The beauty and power of words part 6: Who the hell am I to be writing any of this?

I try to stay focused on the writing and not think too much about what happens after. The two concepts seem inseparable, in as much as you naturally ask yourself if what you’ve written makes sense to anyone else. “Write like no one else will ever read your work” does not absolve you of writing content that lands with your reader.

You can’t ignore that someone other than you will read what you write, but you also can’t get fixated on how much authority any reader will see in a writer they know nothing about. If you ever get to a point where you’re asking, “Who the hell am I to be writing any of this?” you may as well stop.

And right off the bat, there’s a problem that I’ve been staring down for some time. I just referred to “the authority of the writer,” when we should actually be looking at the authority of the writer’s work. It’s in the text, except when it isn’t. But it starts with the text.

One of my biggest bugbears is when people follow up anything you’ve said with the words, “In your opinion.” Of course it’s my opinion. I can only give my view of anything, make it authentic and have some sort of conviction in what I’m saying and hope that it resonates with others. Authority is in the meaning you are carving out. You’re earning it the way it’s supposed to be earned. And that’s how even the best known writers and authors have to live.

There’s a tendency for people to see a novel with “Extra comments from the author,” and think, “Well, this will be the definitive word on the subject.” This is the modern-day form of a mutated afterword that seems to have a lot in common with DVD Extras. We can now get together and ask, “Did you read the standard edition or the special edition?”

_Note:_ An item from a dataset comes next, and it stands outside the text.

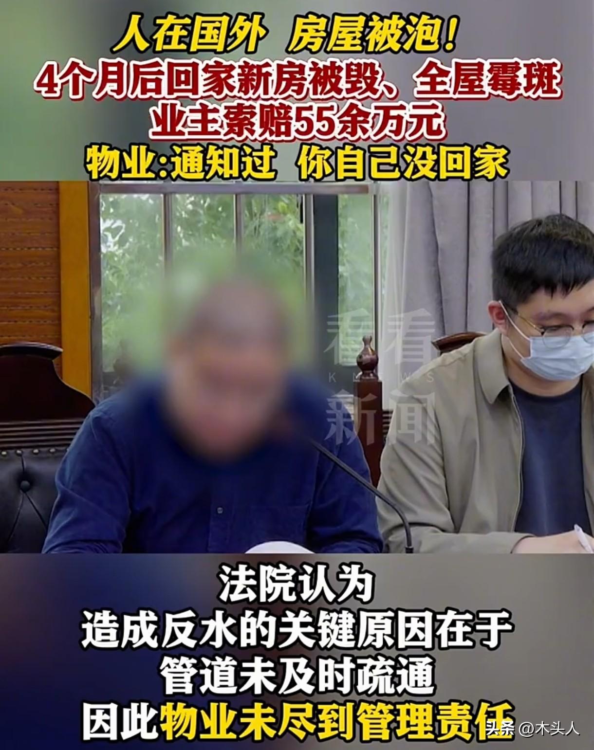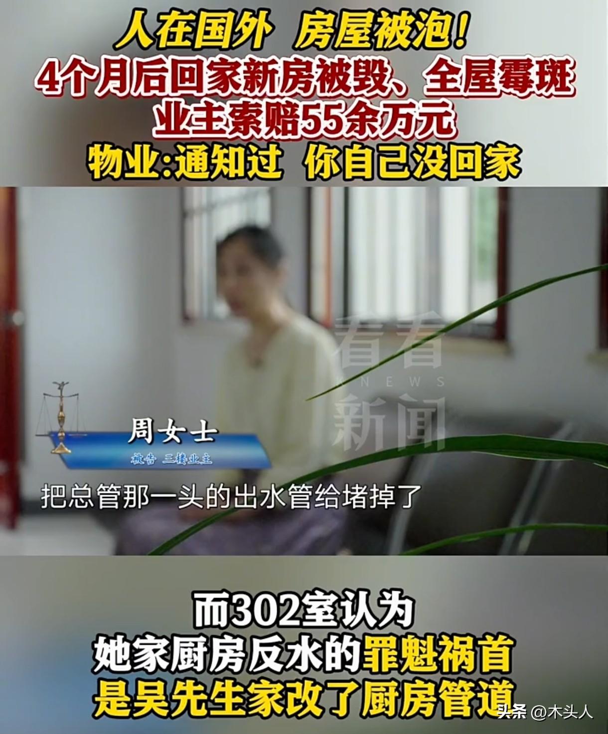 上海,男子去了国外工作,接到电话,说他家楼上邻居家反水,有污水漏到了男子二楼家里,让男子回家处理。男子买了机票后,想着情况不严重,又把机票退了。4个月后,他回家一看,崩溃了:他家里墙体发霉、定制家具报废、电器、钢琴都泡水了,损失高达53万余元,他要求三楼邻居、物业和保险公司赔偿。可三楼邻居也很委屈:他把总管堵了,导致水往我家反了。物业:他家泡了4个月,让他回家处理他不处理,扩大损失了!结果让人意想不到。 吴先生长期在国外工作,他在上海的房子一直空着,没有人居住。 2024年8月,他接到物业电话,说他家楼上,3楼的周女士家厨房的公共管道反水了,有污水渗漏到了吴先生,让他尽快回家处理。 听到家里有可能被水泡了,吴先生也很着急。 家里的装修并不便宜,全屋定制家具、电器,还有他最爱的钢琴和珍藏的1000多本图书,这些都是不能泡水的,他订了机票,打算回国看看。 后来吴先生听说是楼上的租客没有关水龙头,他抱了一丝侥幸,想着应该没事,就把机票给退了。 2024年12月,吴先生忙完工作,从国外回到上海。 可他打开房门,眼前的景象却让他有些崩溃。 屋里一股霉味、定制家具、电器、钢琴和1000多本图书全部被泡坏了,家里一片狼藉,根本无法入住。 吴先生心疼不已,找人估算了家里的损失,房屋损失加修复的费用高达53万余元。 他要求楼上邻居周女士和物业以及保险公司给予赔偿。 可周女士却觉得自己也是受害者,自己家厨房反水,是因为吴先生把总管给封掉了,所以公共管道的水就反到了自己家里。 她发现自己家反水后,及时跟物业报修,不存在任何过错。 吴先生承认自己家确实做了厨房下水管道的改造,那是因为3年前,自己家遭遇了一次厨房反水,把自己家通往公共管道的接口封掉了,另外接了一根管道直通污水井。 但他强调,这个改造并不影响楼上楼下对公共管道的正常使用,周女士家反水是因为物业没有及时疏通公共管道,和自己家没关系,不过自己家被泡水,确实是周女士家反水导致的。 物业公司认为他们接到周女士的反水报修后,第一时间疏通管道,并通知了吴先生回家处理,吴先生自己耽误了时间,导致家里长期泡水发生霉变,吴先生自己也有责任。 跟周女士和物业沟通无果后,吴先生告上了法庭。 从法律角度来说,该如何认定此事呢? 《民法典》第942条规定:物业服务人应当按照约定和物业的使用性质,妥善维修、养护、清洁、绿化和经营管理物业服务区域内的业主共有部分,维护物业服务区域内的基本秩序,采取合理措施保护业主的人身、财产安全。 物业有义务对小区内的公共设施,包括公共管道进行定期检查、维护和疏通,以确保其正常运行。 周女士家厨房反水,是因为公共管道堵塞了。 物业作为公共管道的管理方,没有尽到管理责任,应当对吴先生家的损失承担主要责任。 吴先生虽然对自家厨房下水管道进行了改造,但他的改造行为并没有影响公共管道的正常使用,和周女士家反水之间没有直接的因果关系。 周女士发现家里反水后,及时跟物业报修,并让物业通知吴先生,不存在过错。 吴先生在得知楼上有污水渗漏下来后,没有及时回国处理,导致损失进一步扩大。 《民法典》第1173条‌规定:被侵权人对同一损害的发生或扩大有过错的,可以减轻侵权人的责任。 吴先生需要对自己因未及时处理而扩大的损失承担一定责任。 经调解,物业公司自愿赔偿吴先生27.8万元,周女士没有过错,无需承担责任。 保险公司另案赔偿周女士家5万元,对吴先生家不承担理赔责任。 在生活中,我们发现问题一定要及时处理,拖下去,只会让损失更大。 吴先生如果在得知渗水的第一时间,赶回家处理,家里的损失也不会这么大。 对此,大家怎么看?

The introduction of the “special edition” creates a sense of cultural authority. The reader might think, “This must be important because it comes from the author and brings something new.” Lost is the idea that it is important because the words are good and there’s a reason for them. And there’s typically only a reason for them when the cultural importance of the work is worth the continuing conversation.

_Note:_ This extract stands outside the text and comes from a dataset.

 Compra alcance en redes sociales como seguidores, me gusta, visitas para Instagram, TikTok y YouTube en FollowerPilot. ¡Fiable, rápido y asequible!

Classic examples would be Chuck Palahniuk’s Fight Club and Margerat Attwood’s The Handmaid’s Tale. They deserve the DVD extras treatment. Not because they’re famous works by famous authors. Not because of the films, TV Series, video games, and Graphic novels, connected to them, but because the work itself provokes a need for it to exist outside of the framework of what it originally started life out as. At that point, they might still be rooted in the novel—or they might have left it behind entirely.

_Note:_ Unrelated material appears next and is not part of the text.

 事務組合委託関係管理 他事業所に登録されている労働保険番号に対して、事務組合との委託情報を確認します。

I find that I have to keep reminding myself of the good job done by these writers that made the legends grow and made the work live on long after you’ve finished reading.

Whoever you are, the goal is for the writing to stay with the reader, to mean something, long after you’ve finished reading. It’s in the re-reading, re-watching and the thinking about it, where stories live on. If you get to the end of Handmaid’s tale and say, “Phew, I’m glad OfFred escaped that horrible Gilead place. Worst country ever,” and never think again about it all, then I don’t think you’re getting your money’s worth.

The Handmaid’s Tale legend outgrew the written word a long time ago. If you knew nothing else about it, you’d know that it’s got something to do with a totalitarian state where woman live to produce children for the elite classes. It’s that one about state sanctioned rape and it’s a bit feminist-y. If you knew nothing else, you’d at least think you know that. And if you did know that, then you’re wrong anyway, because it doesn’t take a feminist way of thinking to spot how wrong things have gone in Gilead. Handmaid’s is one of those works that has a life outside of the pages, but everything links back to the original work.

The amazing thing about the recent TV Series is that it takes the story far beyond where the novel leaves it and yet you’d think it had all been plotted and planned by Attwood from way back. You feel that this is exactly what OfFred would have done if the novel continued. You have no proof of that. What you have is a sense that the writers took the novel and extrapolated from it where to go next, adding along the way a reflection of societal issues that have persisted and existed from the launch of the novel in 1985 to present day.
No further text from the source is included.